Genomes were assembled de novo using the One Button Velvet assembly pipeline (version 1.1.06) (9) with hash sizes of 31, 33, and 35 after downsizing the sample input data to 100× coverage. An internal core gene screen on the assembly tested for completeness of the genome. After assembly, the minimum length for contigs was set to 200 bp, and an internal core gene screen was performed as defined by the Human Microbiome Project (HMP) (10). Then, adapters were removed, and low-quality regions were trimmed. Finally, a screen for contamination was performed. The process of gene annotation included generating both ab initio and evidence-based (BLAST) predictions. Functional predictions of coding sequences were made using GeneMark and Glimmer3 (11, 12). Loci were then defined by clustering predictions with the same reading frame. We evaluated predictions using the nonredundant (NR) and Pfam databases and resolved overlaps between adjacent coding genes. Intergenic regions not spanned by GeneMark and Glimmer3 were subject to a BLAST search against NCBI’s NR database and predictions generated based on protein alignments. tRNA genes were determined using tRNAscan-SE (13) and noncoding RNA genes by RNAmmer (14) and Rfam (15). Metabolic pathways and subcellular localization were predicted using KEGG and PSORTb, respectively (16, 17), and functional domains were evaluated using InterProScan (18).
Accession number(s).
These whole-genome shotgun projects have been deposited in GenBank under the accession numbers listed in Table 1. We have also made the strains available to the research community by depositing them with the Biodefense and Emerging Infections (BEI) Research Resource Repository (see BEI numbers in Table 1).
TABLE 1 .
Identifiers and nucleotide sequences for sequenced strains of vaginal Actinobacteria
| Genus/species | Strain | BEI catalog no. | Nucleotide accession no. |
|---|---|---|---|
| Actinomyces neuii | MJR8396A | HMS-1266 | LRPJ00000000 |
| Alloscardovia omnicolens | CMW7705A | HMS-1282 | LRPK00000000 |
| Atopobium vaginae | CMW7778A | HMS-1300 | LSOA00000000 |
| Bifidobacterium bifidum | MJR8628B | HMS-1264 | LRPO00000000 |
| Bifidobacterium breve | GED8481 | HMS-1261 | LRPP00000000 |
| Bifidobacterium longum | CMW7750 | HMS-1299 | LRPQ00000000 |
| Corynebacterium sp. | CMW7794 | HMS-1295 | LSRB00000000 |
| Gardnerella vaginalis | GED7275B | HMS-1272 | LRPZ00000000 |
| Gardnerella vaginalis | GED7760B | HMS-1284 | LRQA00000000 |
| Gardnerella vaginalis | CMW7778B | HMS-1298 | LSRC00000000 |
| Propionibacterium avidum | MJR7694 | HMS-1291 | LRVD00000000 |
ACKNOWLEDGMENTS
We acknowledge Justin Perry, Deborah Frank, and the Women’s and Infant’s Health Specimen Consortium (especially Michele Landeau).
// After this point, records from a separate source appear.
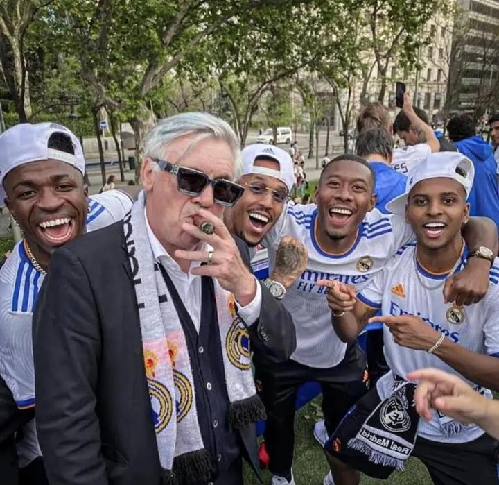 在游行过程当中,皇马主帅安切洛蒂再次重现了他的“世界名画”,他又一次戴起墨镜、拿起雪茄,并与身边的弟子们同框合照。当被俱乐部官方电视台的记者问到此事时,安切洛蒂表示:“这是我们的经典画面,也是我们的经典时刻。我喜欢和我的小伙子们一起搞雪茄的传统。”
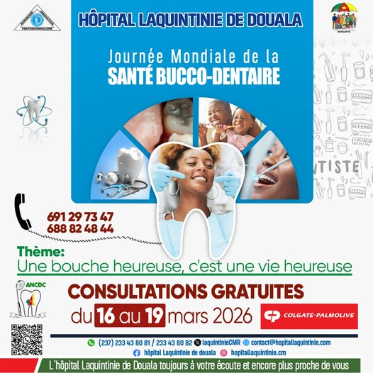 À travers cette définition, il est facilement perçu le rôle joué par la santé bucco-dentaire dans le bien-être général et la qualité de vie. Pour emmener les gens à conserver une bonne hygiène dentaire, l’hôpital Laquintinie de Douala (HLD) qui organise une série d‘activités depuis le début de l’année en cours a inséré également dans son agenda une campagne de consultation gratuite sur la santé bucco-dentaire.
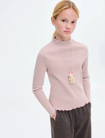 Denne langærmede T-shirt har en legesyg, bølget kant og en behagelig pasform med stretch. Den høje halsudskæring og det klassiske stribede design gør den til en alsidig tilføjelse til enhver garderobe. Fremstillet af blødt bomuldsstof, der er behageligt at have på hele dagen.

We also thank Jeff Peipert, Jenifer Allsworth, and Jennifer Bick of the Contraceptive CHOICE project for providing specimens from nonpregnant women.
Funding Statement
This work was funded by the Burroughs-Wellcome Fund Preterm Birth Initiative (A.L.L.). Summer stipends were provided by the Planning Center for Research in Benign Urology Summer Research Program (P20DK097798 to G.E.D.) and the Washington University in St. Louis Summer Research Program in Global Health with the Center for Global Health & Infectious Disease (CGHID)/Institute for Public Health (3054-93396B to M.J.R.).
Footnotes
For a commentary on this article, see doi:10.1128/genomeA.00890-16.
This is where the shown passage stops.